The fee for this service and any notarizations is now $50 per document. Quite pricey and a hassle to go all the way to Manila for. If time is not of the essence, it's probably better to wait for an outreach visit nearer you.


----------



## Gary D (Oct 28, 2013)

jon1 said:


> Honestly, the Embassy didn't even require me to produce any documents other than my passport to get my "Certificate of Eligibility to Marry". That is because this document is nothing more than an affidavit. If you lie the document is null and void. If you marry in the Phil and still have a wife in the U.S. you are guilty of bigamy.
> 
> The fee for this service and any notarizations is now $50 per document. Quite pricey and a hassle to go all the way to Manila for. If time is not of the essence, it's probably better to wait for an outreach visit nearer you.

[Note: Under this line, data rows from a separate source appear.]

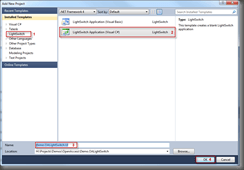 Our first task today is to add a LightSwitch Project to our solution. Do this through the standard “Add New Project” dialog. You should see “LightSwitch” as one of the installed templates in the tree view on the left. Select C#/VB, give the project a name, and click Ok.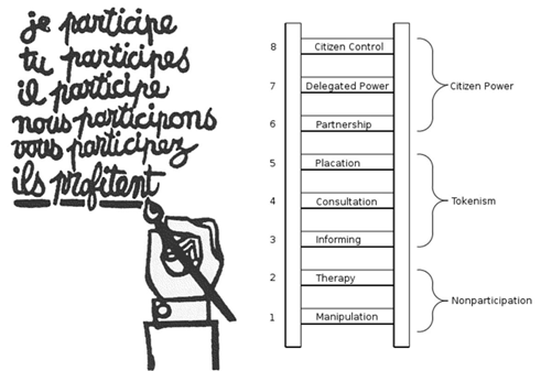 Arnstein’s 1969 paper includes what we would now call an infographic. It seems that many researchers and practitioners of student leadership paid more attention to the image on the right (the ladder metaphor) than to the image on the left. For those of you not familiar with your French verb conjugation, this image suggests that when I, you (singular), s/he, we, and you (plural) participate, everyone (they) profit. This fits well with the social process approach to developing student leadership that we have been developing at SSAT this year.
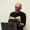 A distanza di tempo, questi stessi testi migrano, cambiano auditorio, contesto: l’attore li legge nello studio fotografico di Soglio, in una sala piena e divertita, alla presenza dell’autore che ascolta quindi parole che non suonano più nel suo idioma, cui l’assenza di punteggiatura ha fatto prendere nuove sfumature e che probabilmente da malinconiche son diventate ironiche o da riflessive si son fatte surreali.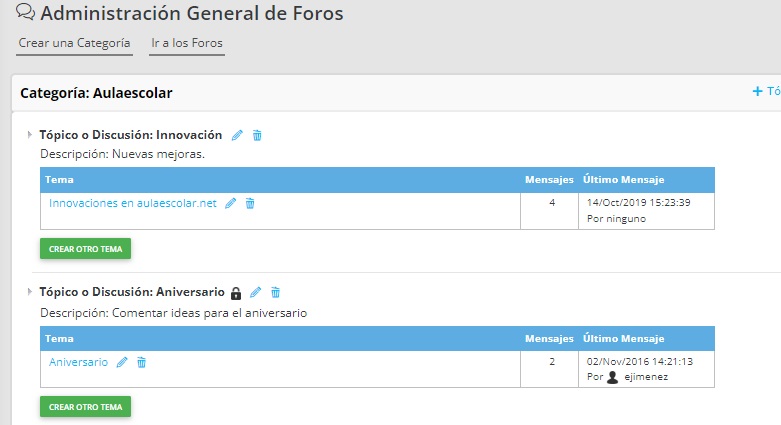 El usuario podrá visualizar desde su perfil la administración general de foros.
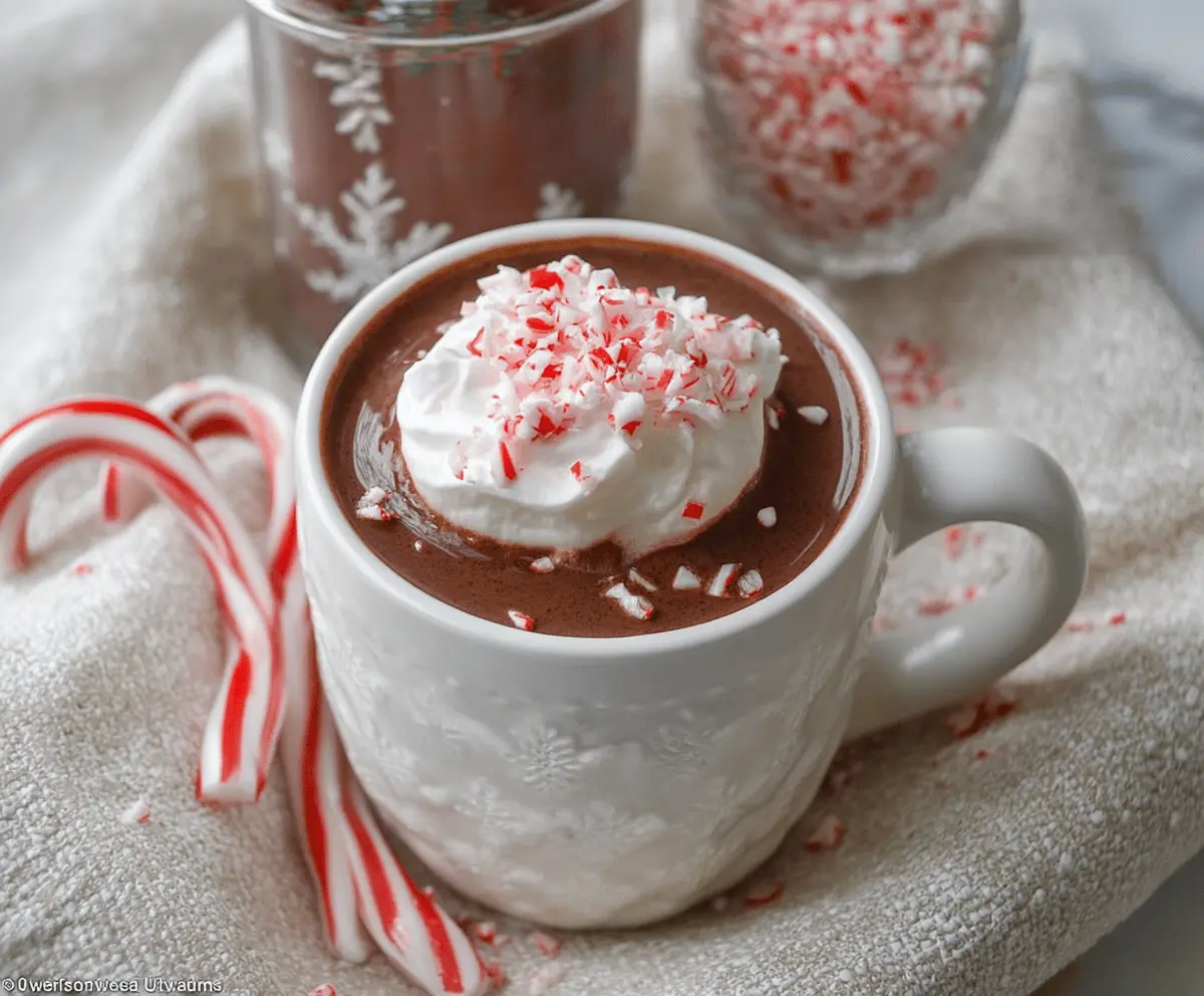 Top each mug with a fluffy dollop of whipped cream. To add a nice festive touch, sprinkle crushed peppermint candies or candy canes on top of the whipped cream.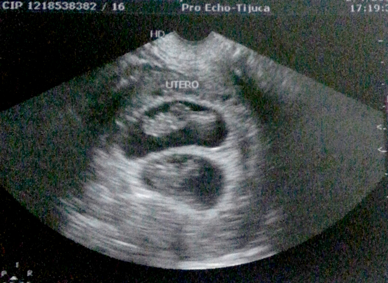 Ultrassom de 4 semanas. Na primeira ecografia gestacional a partir da 6º semana de gestação já é possível saber se a gravidez é de gêmeos. Veio o medo de a gravidez não estar evoluindo novamente mas junto com esse medo veio a surpresanão era um mas sim dois bebês.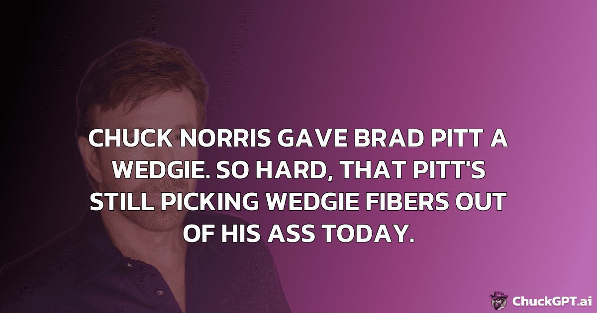 Chuck Norris gave Brad Pitt a wedgie. So hard, that Pitt’s still picking wedgie fibers out of his ass today.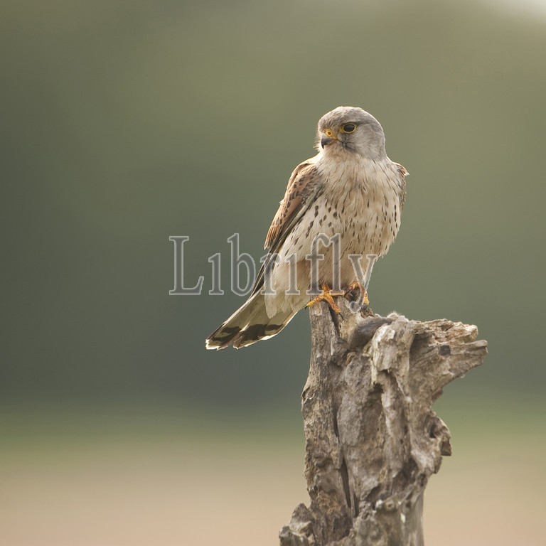 Common Kestrel perched on pole, Falco tinnunculus, The Netherlands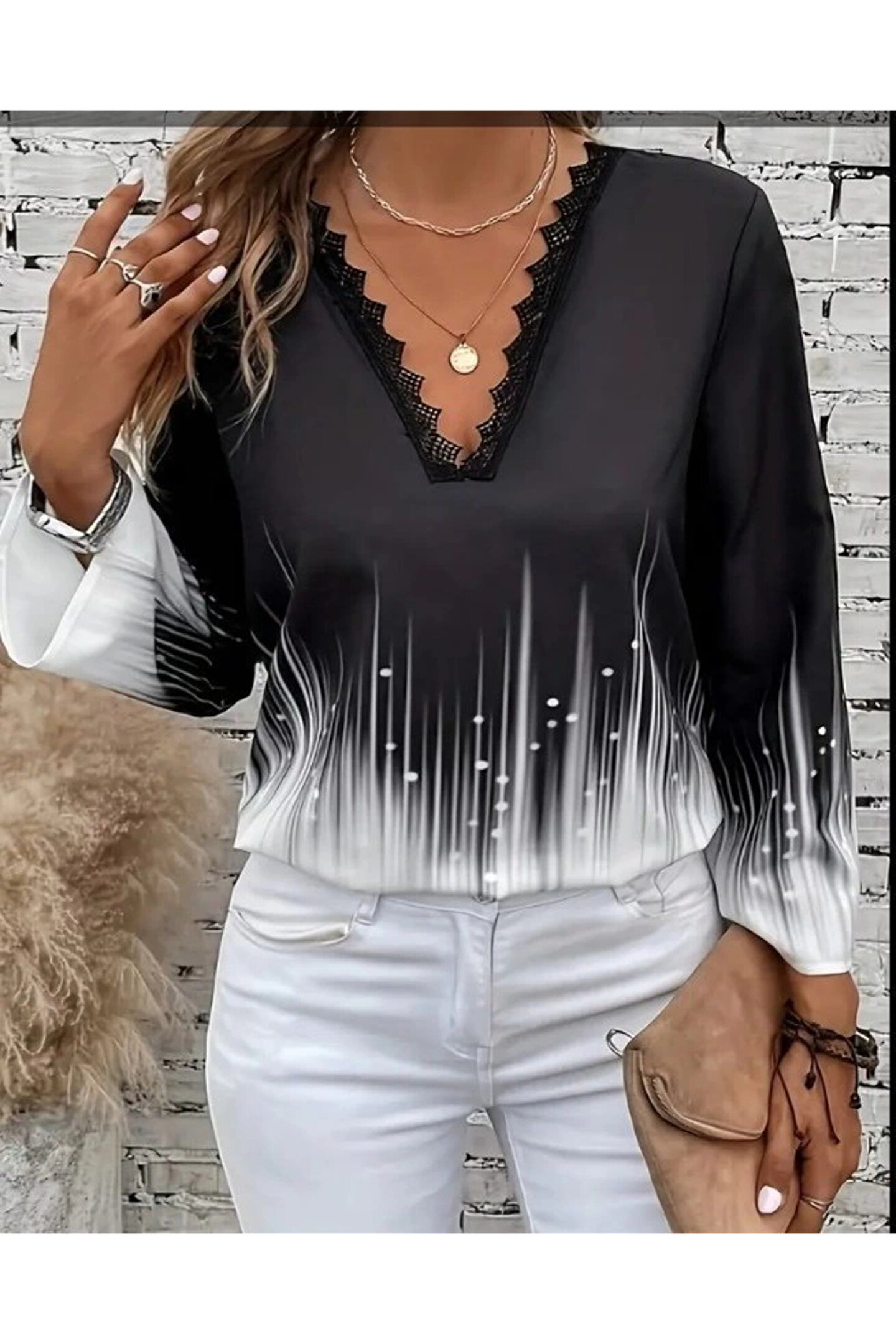 BEFAON Kadın Uzun Kollu V Dantel Yaka Desenli Modal Bluz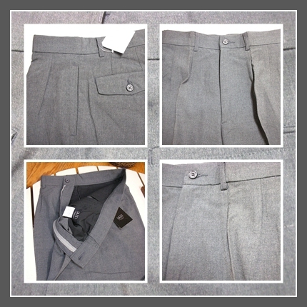ジャンク市★W-71 グレー無地 薄地 2タック ワイドモードパンツ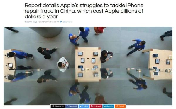 2019 年,苹果就科技行业反垄断调查回应美国议员时表示,"自 2009 年以来,提供维修服务的成本已经超过了维修产生的收入"。苹果没有透露具体的原因和数额,对此,坊间普遍认为是售后欺诈导致的。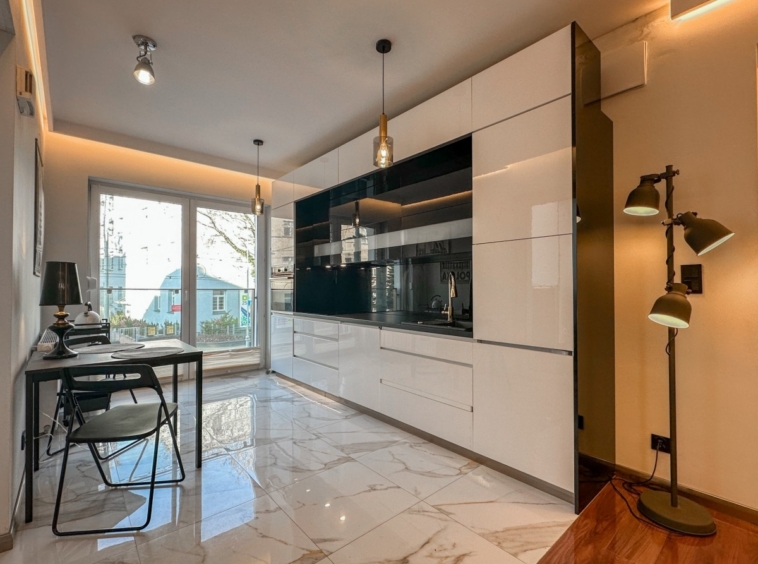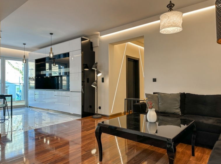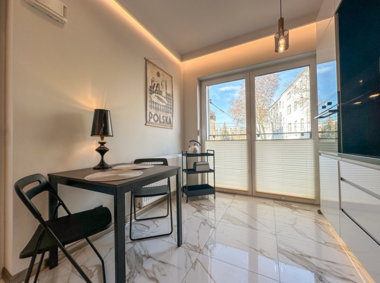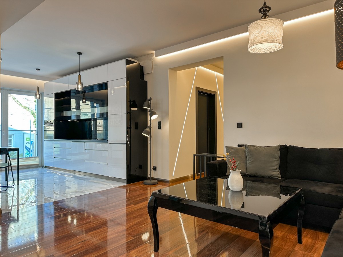 • Przestronny salon z aneksem kuchennym i wyjściem na balkon z dwóch stron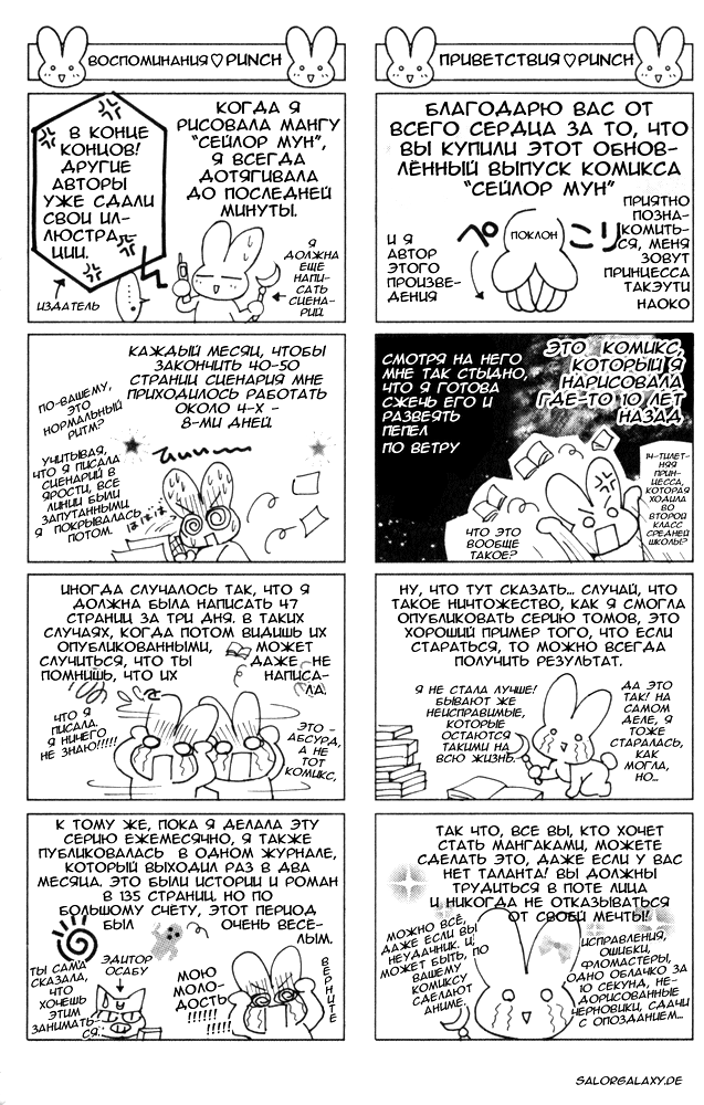 Punch – пародийная манга от Наоко, где та рассказывает о своей работе над «Сейлор Мун». Манга находилась в некоторых томах переиздания. Данный перевод был выполнен на русский Unica с итальянской версии манги. Читать справа налево.

Because it is only an affidavit I have heard that it is often no longer accepted on it's own and that you also need another document from the NSO similar to what your wife to-be needs, although I can't see what difference it makes as I'm sure the NSO doesn't contact the states. Perhaps it insures you don't have a previous in he Philippines.


----------



## jon1 (Mar 18, 2012)

Yes Gary, exactly because it is an affidavit. I just went thru the process in November and was required to provide a Certified Birth Certificate, Certificate of Eligibility to Marry and Copy of my Passport Bio page. A No other documentation was required. The wife had to deal with the NSO for her validation of marital status.


----------